===== INPUT DATA

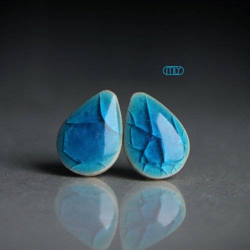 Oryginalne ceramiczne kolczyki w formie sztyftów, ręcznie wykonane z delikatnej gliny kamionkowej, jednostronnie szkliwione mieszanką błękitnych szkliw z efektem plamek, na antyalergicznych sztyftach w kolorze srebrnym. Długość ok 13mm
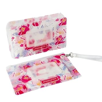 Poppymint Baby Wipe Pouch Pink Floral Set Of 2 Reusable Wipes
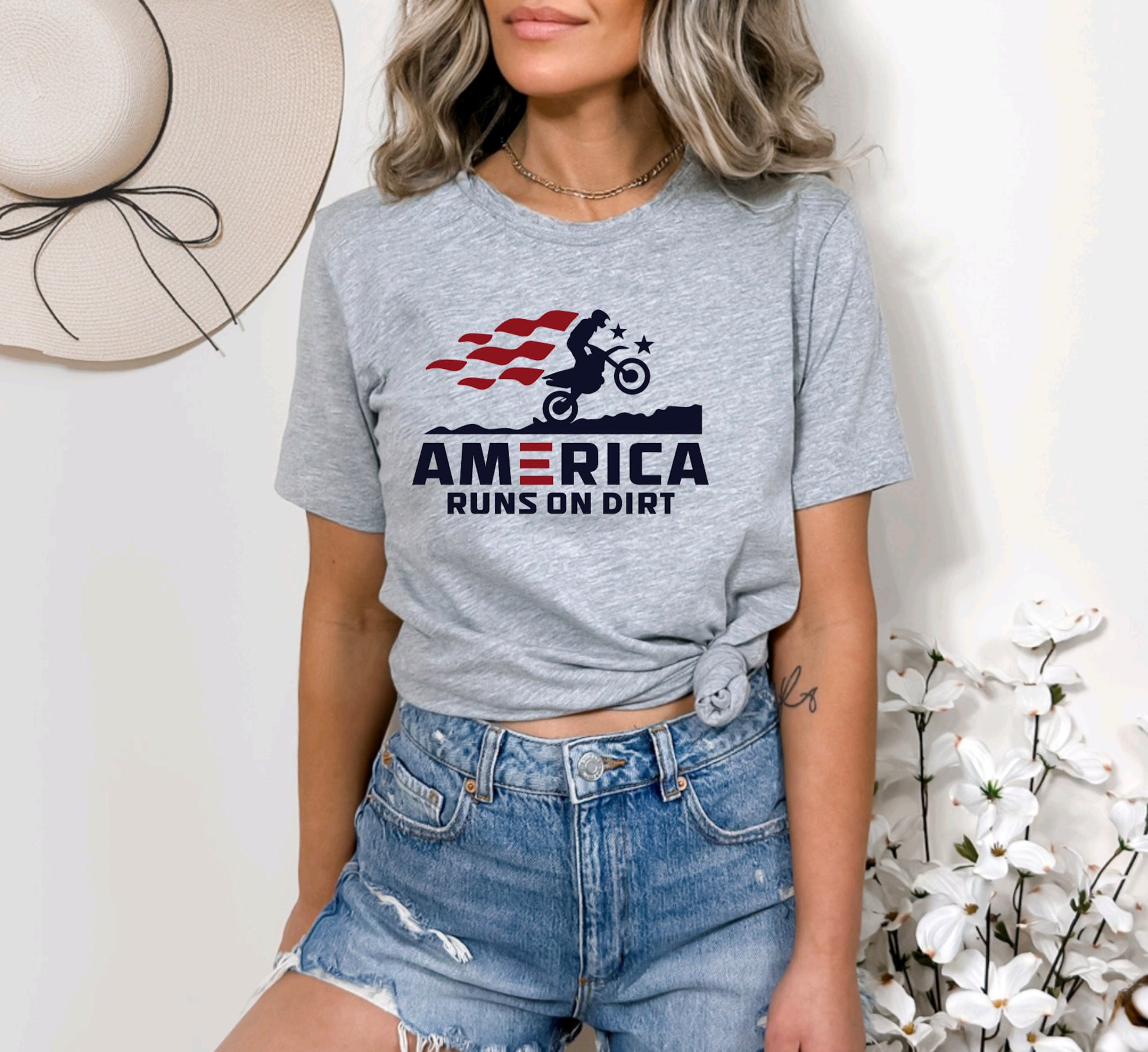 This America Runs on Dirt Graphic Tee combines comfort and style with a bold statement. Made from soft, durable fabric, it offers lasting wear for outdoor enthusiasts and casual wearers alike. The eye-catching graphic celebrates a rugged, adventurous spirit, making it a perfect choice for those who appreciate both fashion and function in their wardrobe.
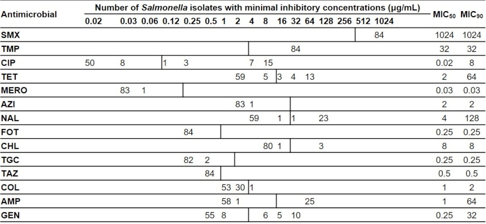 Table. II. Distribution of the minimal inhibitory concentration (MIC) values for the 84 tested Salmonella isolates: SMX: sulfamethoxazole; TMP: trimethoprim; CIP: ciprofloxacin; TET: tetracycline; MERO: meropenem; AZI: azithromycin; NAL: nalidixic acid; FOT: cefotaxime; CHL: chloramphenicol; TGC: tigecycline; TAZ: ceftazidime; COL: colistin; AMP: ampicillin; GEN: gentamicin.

==========
===== INPUT DATA

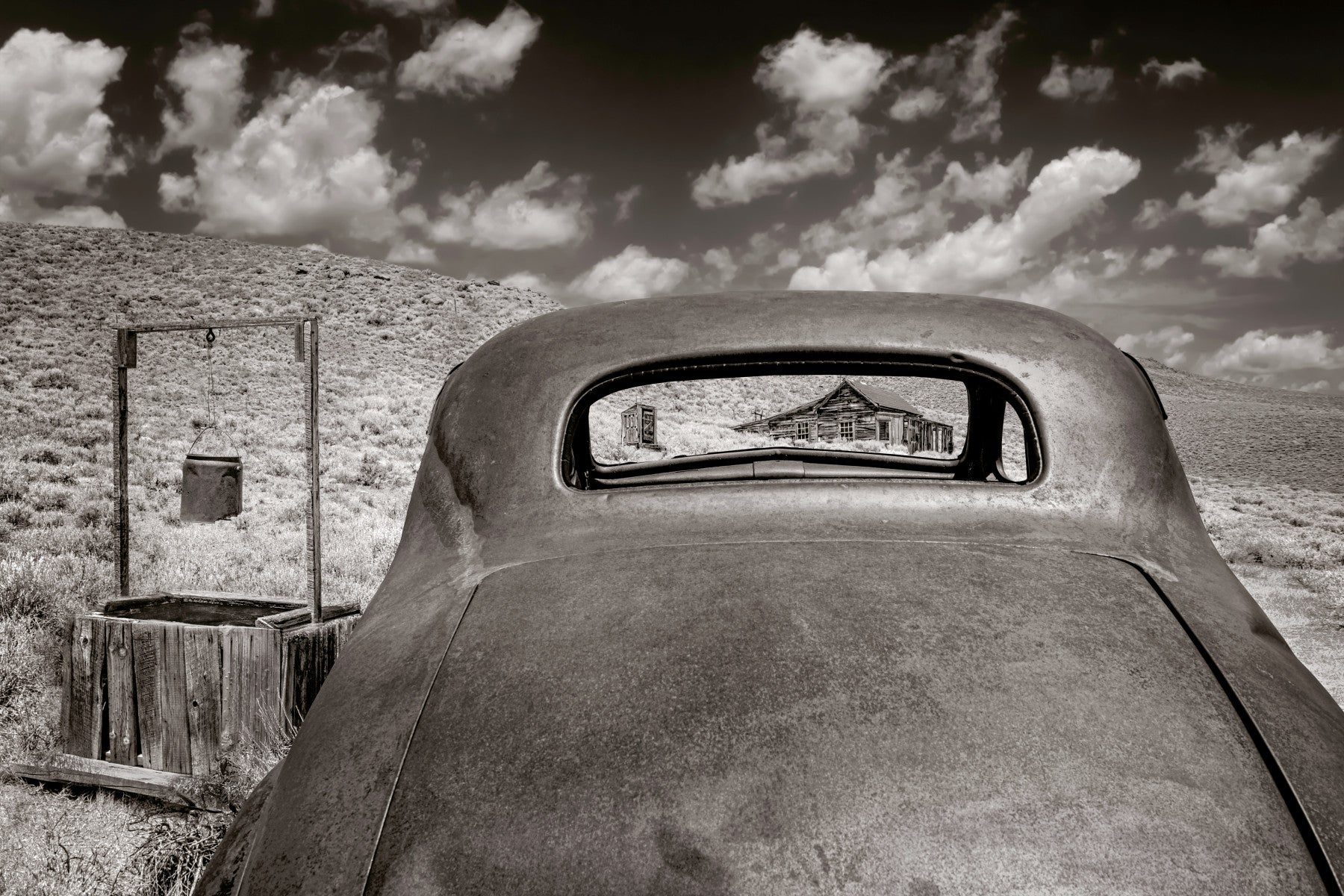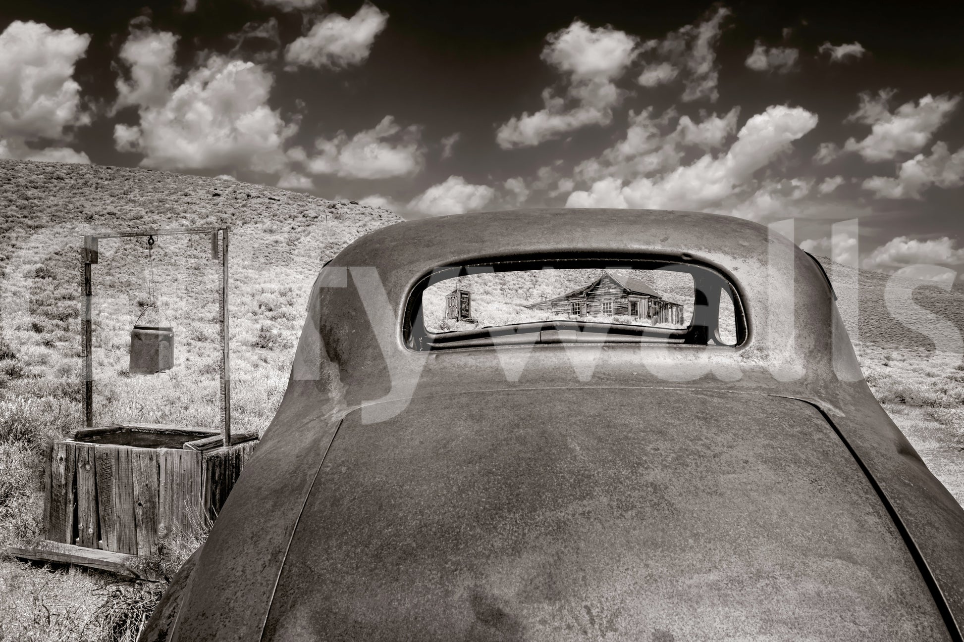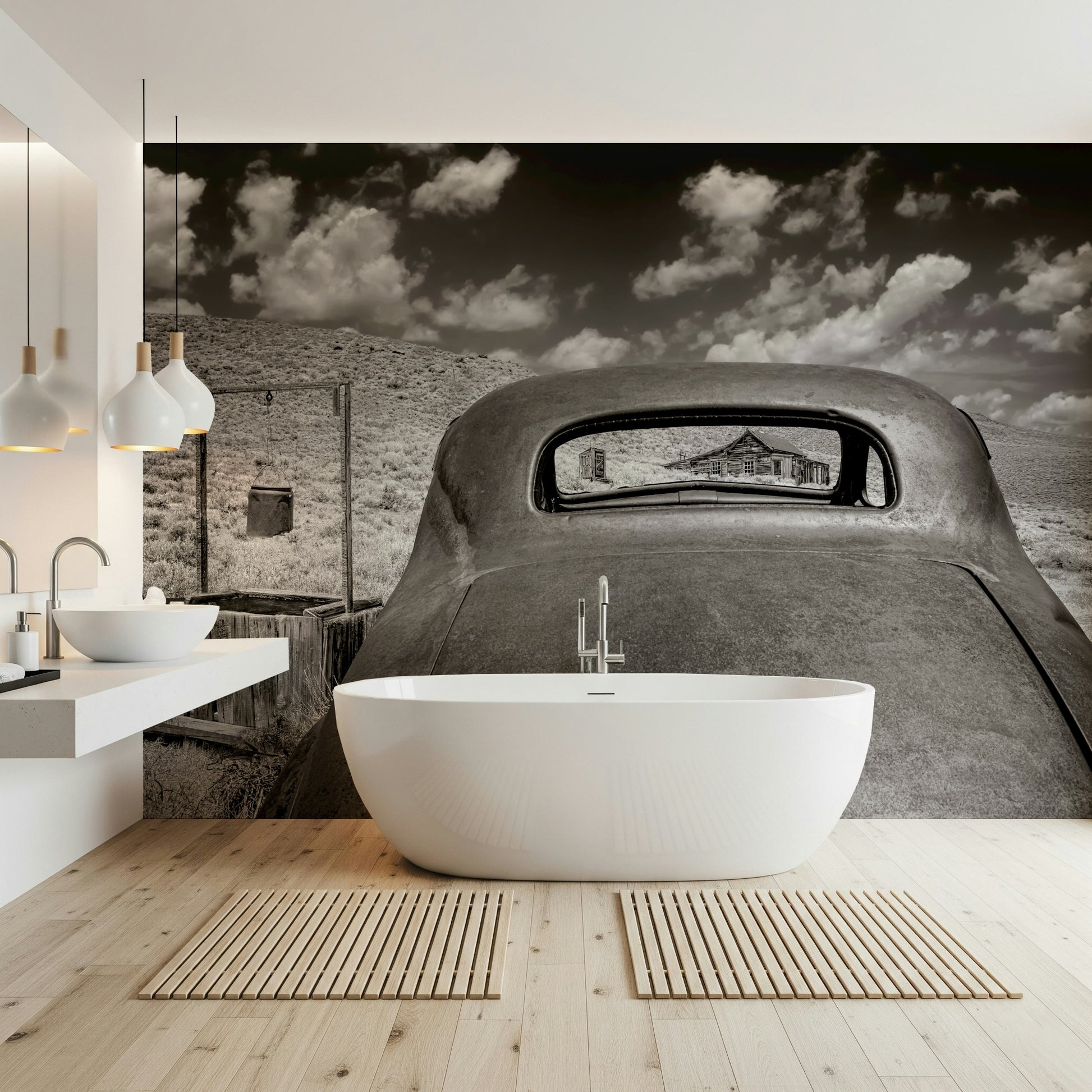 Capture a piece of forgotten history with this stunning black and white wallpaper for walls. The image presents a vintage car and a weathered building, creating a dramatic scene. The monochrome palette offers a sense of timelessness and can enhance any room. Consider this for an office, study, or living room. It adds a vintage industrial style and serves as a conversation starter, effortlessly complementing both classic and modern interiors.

==========
===== INPUT DATA

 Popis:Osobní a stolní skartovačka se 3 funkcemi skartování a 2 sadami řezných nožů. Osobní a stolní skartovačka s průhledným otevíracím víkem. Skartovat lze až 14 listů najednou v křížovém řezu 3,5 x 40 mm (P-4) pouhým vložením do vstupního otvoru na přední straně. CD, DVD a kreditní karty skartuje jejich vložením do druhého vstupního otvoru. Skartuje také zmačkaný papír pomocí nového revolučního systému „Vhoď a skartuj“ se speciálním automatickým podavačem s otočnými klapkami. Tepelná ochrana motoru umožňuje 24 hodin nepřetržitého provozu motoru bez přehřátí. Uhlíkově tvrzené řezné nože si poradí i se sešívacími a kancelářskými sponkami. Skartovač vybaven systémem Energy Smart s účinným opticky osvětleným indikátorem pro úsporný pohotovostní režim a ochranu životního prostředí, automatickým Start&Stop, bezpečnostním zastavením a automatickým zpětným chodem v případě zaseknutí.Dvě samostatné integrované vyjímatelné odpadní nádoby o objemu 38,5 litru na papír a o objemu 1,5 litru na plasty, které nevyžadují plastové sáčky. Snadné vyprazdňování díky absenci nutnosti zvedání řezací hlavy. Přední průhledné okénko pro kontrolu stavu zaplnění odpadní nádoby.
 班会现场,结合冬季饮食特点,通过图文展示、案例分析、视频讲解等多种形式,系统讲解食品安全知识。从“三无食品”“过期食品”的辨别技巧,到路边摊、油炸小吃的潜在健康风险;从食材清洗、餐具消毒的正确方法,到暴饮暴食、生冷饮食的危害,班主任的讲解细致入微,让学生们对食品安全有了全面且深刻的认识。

==========

### YOUR TASK
Drop the pictures; return the lines above from the line containing "Poppymint Baby Wipe" to the line containing "Table. II. Distribution", both included, exactly.

### EXERCISE SOLUTION
 Poppymint Baby Wipe Pouch Pink Floral Set Of 2 Reusable Wipes
 This America Runs on Dirt Graphic Tee combines comfort and style with a bold statement. Made from soft, durable fabric, it offers lasting wear for outdoor enthusiasts and casual wearers alike. The eye-catching graphic celebrates a rugged, adventurous spirit, making it a perfect choice for those who appreciate both fashion and function in their wardrobe.
 Table. II. Distribution of the minimal inhibitory concentration (MIC) values for the 84 tested Salmonella isolates: SMX: sulfamethoxazole; TMP: trimethoprim; CIP: ciprofloxacin; TET: tetracycline; MERO: meropenem; AZI: azithromycin; NAL: nalidixic acid; FOT: cefotaxime; CHL: chloramphenicol; TGC: tigecycline; TAZ: ceftazidime; COL: colistin; AMP: ampicillin; GEN: gentamicin.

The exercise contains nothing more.